- Born: 3 May 1969 Dunstable, Bedfordshire, England
- Died: 16 February 2026 (aged 56)
- Education: London School of Hygiene & Tropical Medicine King's College London University of Oxford
- Scientific career
- Workplaces: Ministry of Defence King's College London
- Thesis: Paternal occupation and childhood cancer : an analysis of routinely collected death certification data (1997)

= Nicola Fear =

British epidemiologist and academic (1969–2026)

Nicola Townsend Fear (3 May 1969 – 16 February 2026) was a British epidemiologist who was a professor and Chair of Epidemiology at King's College London. She was co-director of the Forces in Mind Trust Research Centre and director of the King's Centre for Military Health Research. Her research looks at the impact of military service on families. She was appointed a CBE in the 2025 New Year Honours.

== Early life and education ==
Fear was born in Dunstable, Bedfordshire, England on 3 May 1969. She studied pharmacology at King's College London. She trained in epidemiology at the London School of Hygiene & Tropical Medicine and University of Oxford. Her doctoral research explored parental occupation and childhood cancer. She investigated whether the children of men with contact of many people were more at risk of leukemia, and found that childhood leukaemia was not associated to the amount of social contact of their fathers. After completing her doctorate she worked as a postdoctoral researcher, studying the associations between occupational exposures and cancer risks.

== Research and career ==
Fear joined the Ministry of Defence, where she worked as an epidemiologist in defence statistics. There were a series of inquiries into the deaths at Deepcut army barracks, and the preparation for the 2003 invasion of Iraq at the time. In 2004, she returned to academia, joining Simon Wessely as a senior lecturer. In 2011, Fear was appointed Director of the King’s Centre of Military Health Research.

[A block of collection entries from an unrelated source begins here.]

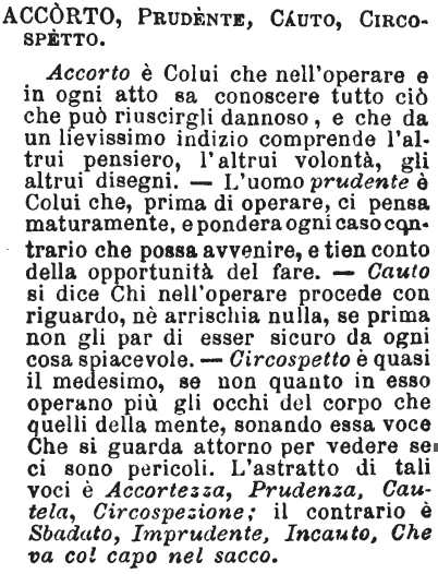 Accorto, Prudente, Cauto, Circospetto - Accorto è Colui che nell'operare e in ogni atto sa conoscere tutto ciò che può riuscirgli dannoso, e che da un lievissimo indizio comprende l'atrui pensiero, l'altrui volontà, gli altrui disegni. - L'uomo prudente è Colui che, prima di operare, ci pensa maturamente, e pondera ogni caso contrario che possa avvenire, e tien conto della opportunità del fare. - Cauto si dice Chi nell'operare procede con riguardo, nè arrischia nulla, se prima non gli par di esser sicuro da ogni cosa spiacevole. - Circospetto è quasi il medesimo, se non quanto in esso operano più gli occhi del corpo che quelli della mente, sonando essa voce Che si guarda attorno per vedere se ci sono pericoli. L'astratto di tali voci è Accortezza, Prudenza, Cautela, Circospezione; il contrario è Sbadato, Imprudente, Incauto, Che va col capo nel sacco. [immagine]
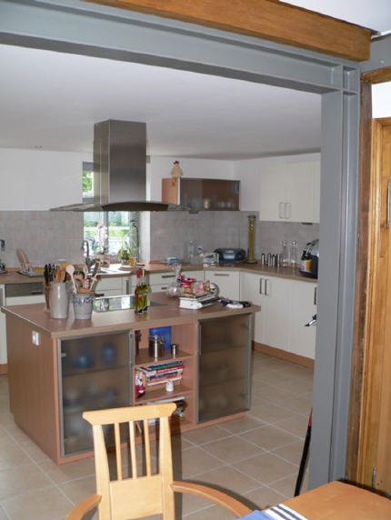 Beschreibung: Diese großformatige Fliesen in Küche und angrenzendem Flur geben den Räumen Weite. Eine attraktive Alternative sind die hochglänzenden Fliesen im Küchenbereich im Bild rechts unten.
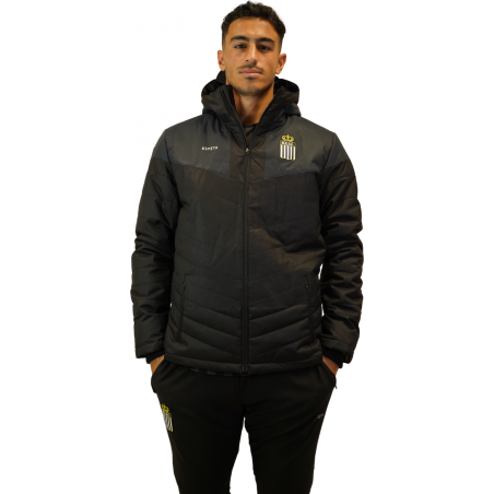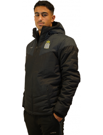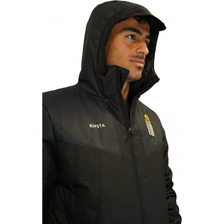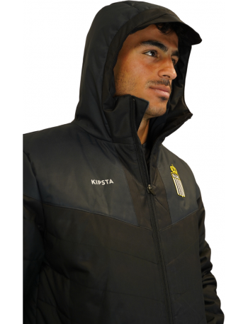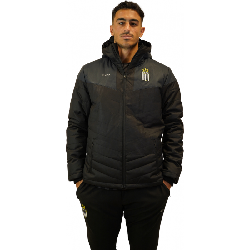 Veste d'hiver imperméable officielle pour la saison 2023-2024, conçue par Kipsta avec capuche et entièrement zippée. Cette veste ornée du blason zébré vous permettra d'affronter le monde extérieur par temps froid, pluvieux et/ou venteux.
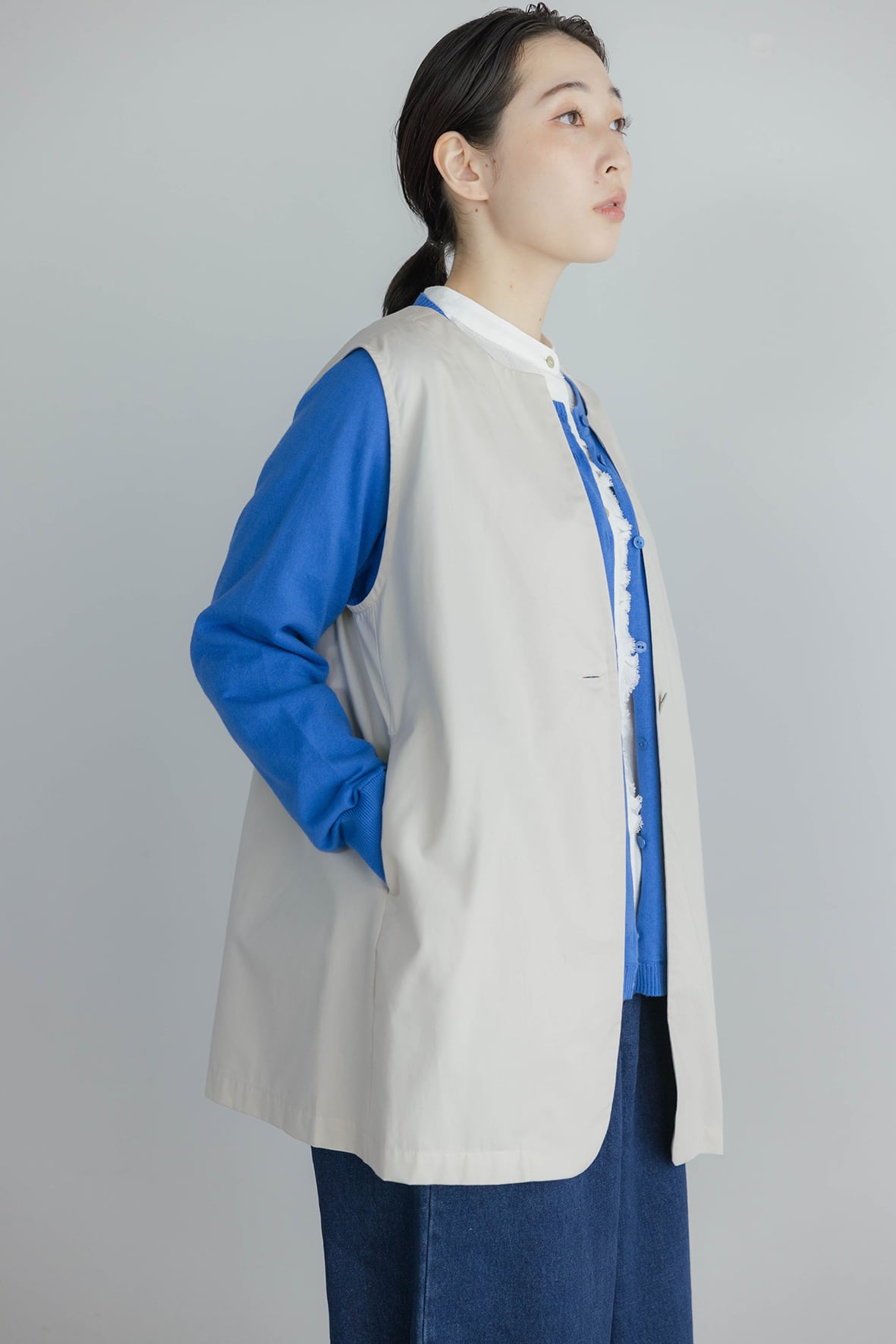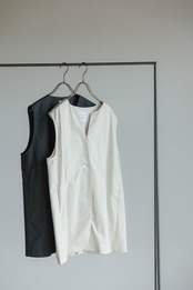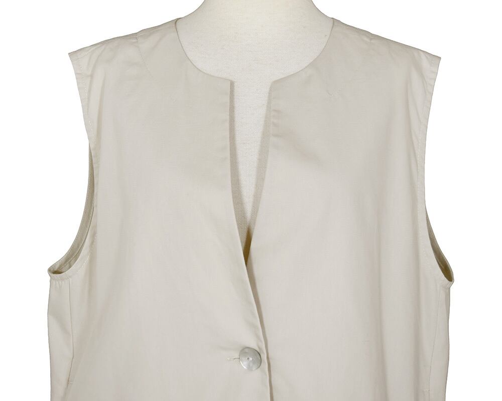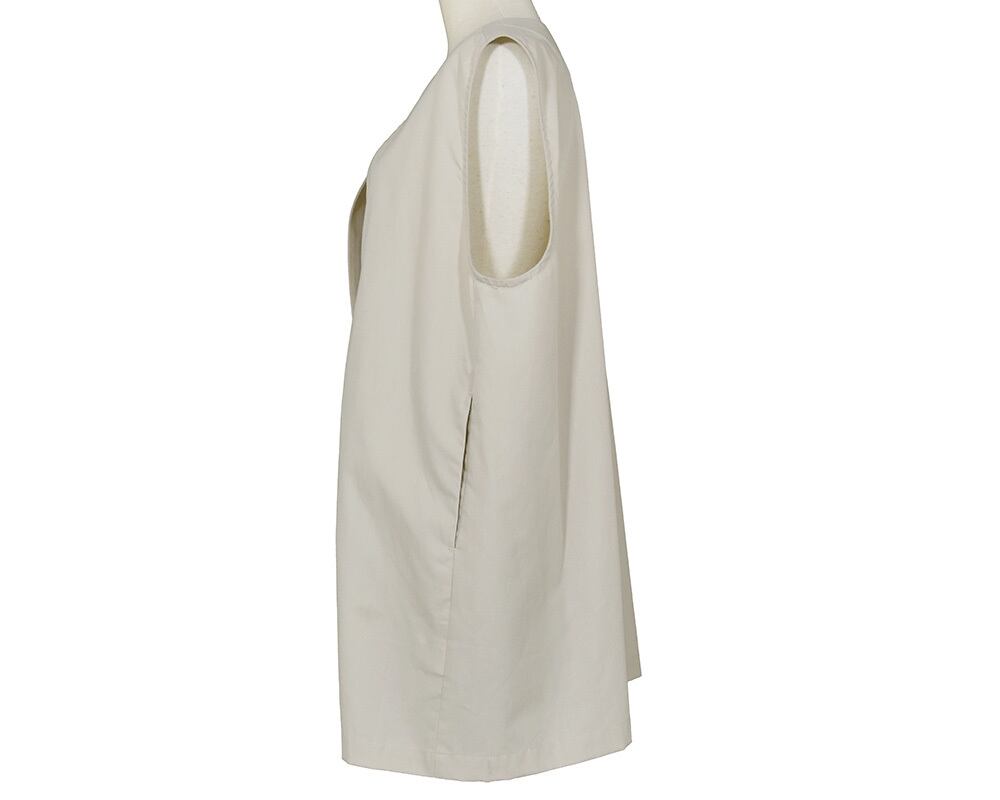 ノーカラーで上品な雰囲気に仕上げたジレです。すっきりとしたラインが気になる腰まわりを隠してくれます。着回しやすく、気温に合わせてインナーのトップスを変えることでロングシーズン活躍します。
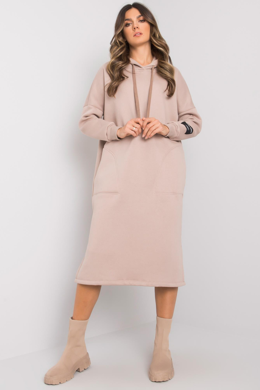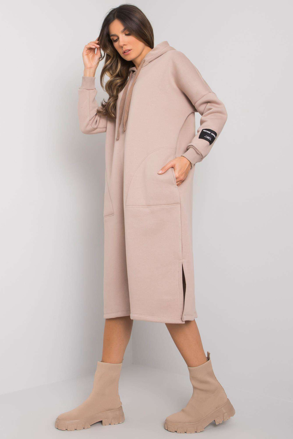 Tamsiai smėlio spalvos megztinis suknelė su kišenėmis Sheffield RUE PARIS
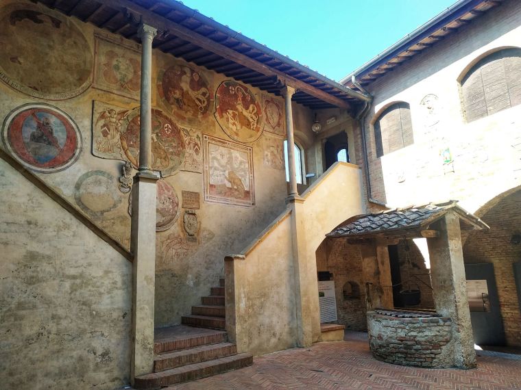 Visitate Palazzo Pretorio o dei Vicari, riconoscibile per i numerosi stemmi sulla facciata e nel cortile interno. Gli stemmi sono in terracotta invetriata, pietra serena, che era il materiale più economico e marmo e rappresentano i vari vicari che hanno abitato il palazzo: un numero ingente a giudicare dal numero di stemmi presenti.
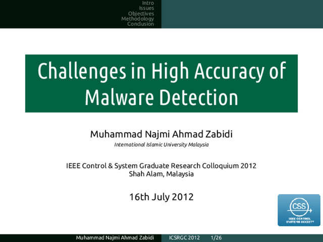 Malware Detection Muhammad Najmi Ahmad Zabidi International Islamic University Malaysia IEEE Control & System Graduate Research Colloquium 2012 Shah Alam, Malaysia 16th July 2012 Muhammad Najmi Ahmad Zabidi ICSRGC 2012 1/26
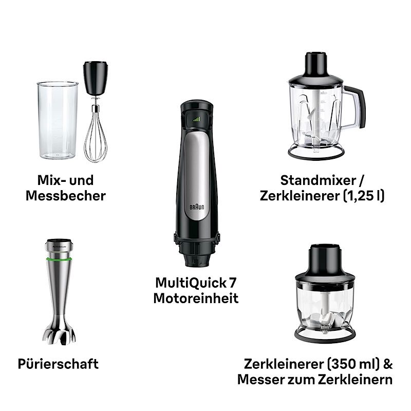 گوشتکوب برقی براون مدل MQ7045X از سری MultiQuick 7، با موتور ۱۰۰۰ واتی، طراحی ارگونومیک و فناوریهای پیشرفتهای مانند ActiveBlade و SplashControl، برای تهیه انواع پوره، سوپ، سس، اسموتی و همزدن تخممرغ یا خامه مناسب است. این دستگاه با تیغههای استیل ضدزنگ و سیستم EasyClick Plus، عملکردی سریع و بدون پاشش ارائه میدهد. همچنین، لوازم جانبی آن شامل خردکن ۳۵۰ میلیلیتری، مخلوطکن ۱.۲۵ لیتری با تیغه یخشکن، همزن استیل و لیوان مدرج ۶۰۰ میلیلیتری است. تمامی قطعات قابل شستشو در ماشین ظرفشویی میباشند.
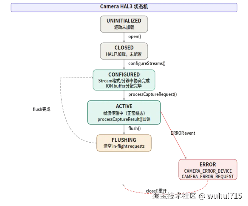 | HAL 层 | Camera HAL3 | Session/Request/Result 调度,fence 管理,in-flight 深度控制 | Camera HIDL/AIDL |

Her research considered the impact of military service on service people and their families. Supported by the Office for Veterans Affairs, Fear has studied the mental health and wellbeing of the British Armed Forces and their families. She has shown that veterans who had been deployed in a combat role had a very high rate of post-traumatic stress disorder (17%) compared to those in a service support role (6%). She has investigated the physical ad psycho-social outcomes of battlefield casualties in the War in Afghanistan through the ArmeD SerVices TrAuma and RehabilitatioN OutComE (ADVANCE) study. The UK's world-leading battlefield trauma care increased survival rates of severely injured personnel. She found that injured service people without amputations had higher rates of depression and PTSD compared to their amputated and uninjured counterparts, and that those with amputations had greater rates of post-traumatic growth. Her recent research has studied the impact of military service on families.

Fear was made a Chair of Epidemiology at King's College London in 2011.

During the COVID-19 pandemic, Fear provided expert advice to the Scientific Advisory Group for Emergencies through the Independent Scientific Pandemic Insights Group on Behaviours. Fear is a trustee of Help for Heroes. Fear was made a CBE in the 2025 New Year Honours.

== Personal life and death ==
Nicola was married to Dan Wood and a mother to two children, Mary Megan Woodfear (born 2004) and Max Moses Woodfear (born 2007). She died from cancer on 16 February 2026, at the age of 56.